* [Exercise inputs]:

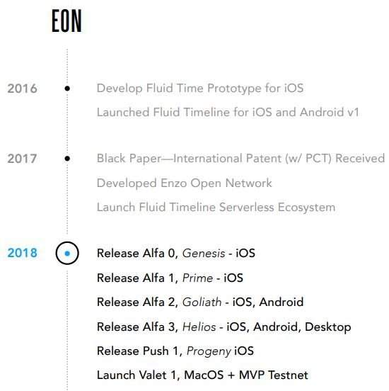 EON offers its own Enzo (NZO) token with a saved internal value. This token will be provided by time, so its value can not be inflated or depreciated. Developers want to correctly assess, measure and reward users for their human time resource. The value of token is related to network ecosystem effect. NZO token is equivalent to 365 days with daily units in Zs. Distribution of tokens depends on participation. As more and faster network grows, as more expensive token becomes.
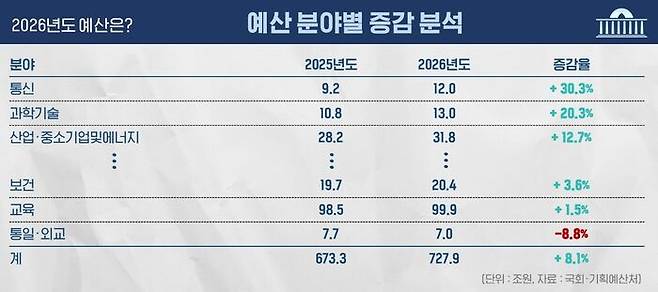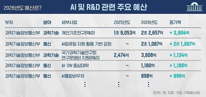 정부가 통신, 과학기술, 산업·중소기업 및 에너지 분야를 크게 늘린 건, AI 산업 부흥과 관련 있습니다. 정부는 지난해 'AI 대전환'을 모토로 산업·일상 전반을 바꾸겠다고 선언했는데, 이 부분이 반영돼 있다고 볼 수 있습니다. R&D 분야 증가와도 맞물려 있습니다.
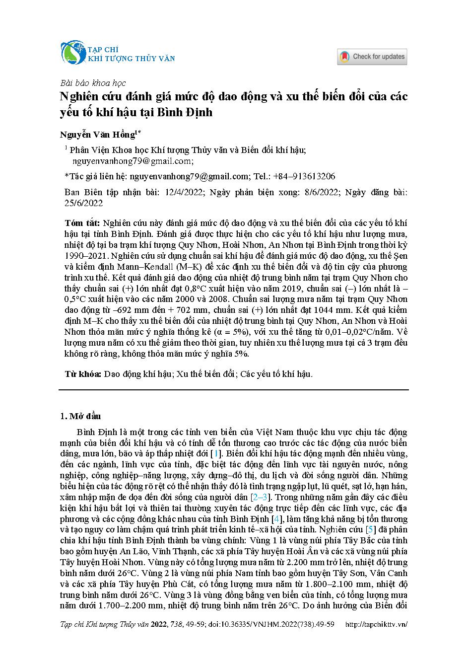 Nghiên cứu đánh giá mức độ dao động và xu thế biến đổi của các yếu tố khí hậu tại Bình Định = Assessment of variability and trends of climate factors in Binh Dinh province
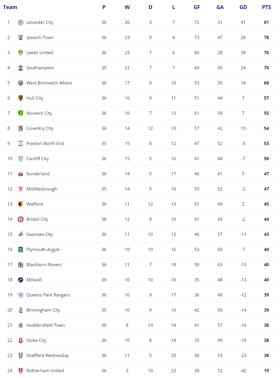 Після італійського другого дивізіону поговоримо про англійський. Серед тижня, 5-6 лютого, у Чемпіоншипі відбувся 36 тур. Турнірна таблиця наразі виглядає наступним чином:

---

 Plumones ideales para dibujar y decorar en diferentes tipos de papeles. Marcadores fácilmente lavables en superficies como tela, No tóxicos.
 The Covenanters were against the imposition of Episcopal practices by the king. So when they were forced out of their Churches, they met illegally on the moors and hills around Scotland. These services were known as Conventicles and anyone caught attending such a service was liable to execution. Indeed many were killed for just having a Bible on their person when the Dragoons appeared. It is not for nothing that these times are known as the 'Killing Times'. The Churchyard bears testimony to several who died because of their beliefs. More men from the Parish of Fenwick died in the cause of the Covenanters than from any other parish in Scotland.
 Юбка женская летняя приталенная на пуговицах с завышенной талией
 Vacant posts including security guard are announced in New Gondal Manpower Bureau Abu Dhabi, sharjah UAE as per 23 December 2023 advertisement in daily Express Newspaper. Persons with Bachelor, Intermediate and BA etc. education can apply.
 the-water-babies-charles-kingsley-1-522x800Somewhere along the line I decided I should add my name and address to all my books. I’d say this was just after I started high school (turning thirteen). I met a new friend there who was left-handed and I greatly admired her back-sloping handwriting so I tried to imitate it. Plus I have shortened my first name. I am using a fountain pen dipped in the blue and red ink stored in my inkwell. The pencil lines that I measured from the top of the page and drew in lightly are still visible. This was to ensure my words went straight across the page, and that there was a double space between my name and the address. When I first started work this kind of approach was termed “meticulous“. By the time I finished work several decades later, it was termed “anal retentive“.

* [Task prompt]: Return a word-for-word copy of the lines above from the one holding "Юбка женская летняя" through the one holding "Vacant posts including", with both of them included and nothing besides.

* [Exercise output]:
 Юбка женская летняя приталенная на пуговицах с завышенной талией
 Vacant posts including security guard are announced in New Gondal Manpower Bureau Abu Dhabi, sharjah UAE as per 23 December 2023 advertisement in daily Express Newspaper. Persons with Bachelor, Intermediate and BA etc. education can apply.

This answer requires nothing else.